She Write on my Article Til I Bunion: Memoirs of a Court Jester

by Isabella Reish

I’ve been writing for this stinky little publication since I was a college freshman. I can confidently say that it has ruined my entire life. I’ve simply become too famous. I am swamped by fans and admirers everywhere I go, saying things like, “Aren’t you the extremely hot, funny person that wrote an article about pissing on the floor of the Jenga building?” and “I loved that joke you made about eating deli turkey out of the fridge like an animal. I’m in love with you and I want to spend the rest of my life with you.
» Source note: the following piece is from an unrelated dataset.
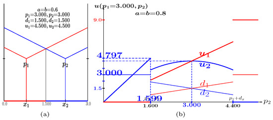 In the example of Figure 2, , , as in Figure 1. But now it is , so that the game shown in Figure 2a is not in NE. This becomes apparent in Figure 2b: the best response to is not . The best response to turns out to be . In a game in the scenario of Figure 2, but with , player 2 would undercut player 1 and would obtain the full market and as a result it would be , . The kind of best response in Figure 2 is denoted U in [9], i.e., , , 2.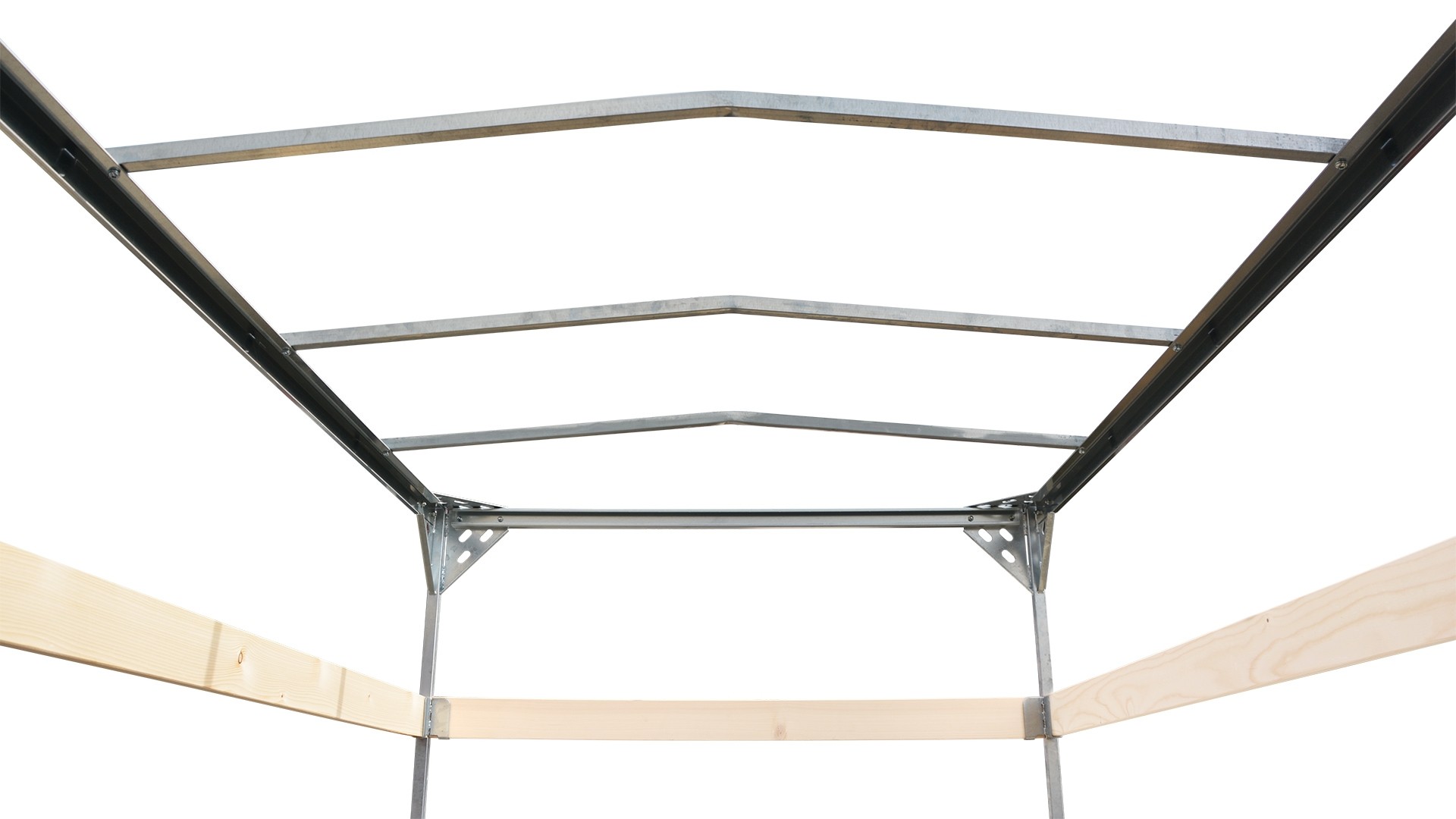 Der geschweißte und feuerverzinkte Hochspriegel ist mit einem leichten Spitzdach versehen, so dass das Wasser gut ablaufen kann.

Will you marry me?”

Sadly for all of you losers, I am moving to Los Angeles to pursue my dream of being attacked by a shark, writing a book about it, and traveling the world doing inspirational TED talks about the persistence of the human spirit. I would say that it wasn’t an easy decision, but it absolutely was. I have never had an easier time making a decision, actually.

Let’s take a look back at what I contributed during my time here. Who do you think pays to keep the website up and running? That’s right. Me. Via a series of high profile bank robberies. Oopsies! Not only was I providing the funding for the domain name, I was single handedly generating the power used by an online publication via a giant human hamster wheel. One of my greatest moments was when I rode a horse bareback down Boylston street while writing an article. Then I published the article, did a backflip off of the horse, and shotgunned a yerba mate. Everyone cheered and clapped. It was awesome.

So yeah. Good luck without me, Bunion. Because you’re going to need it. Peace out.

Editor’s note: We have never heard of “Isabella Reish” before and assume that this is a fake name taken on by a particularly sexy AI.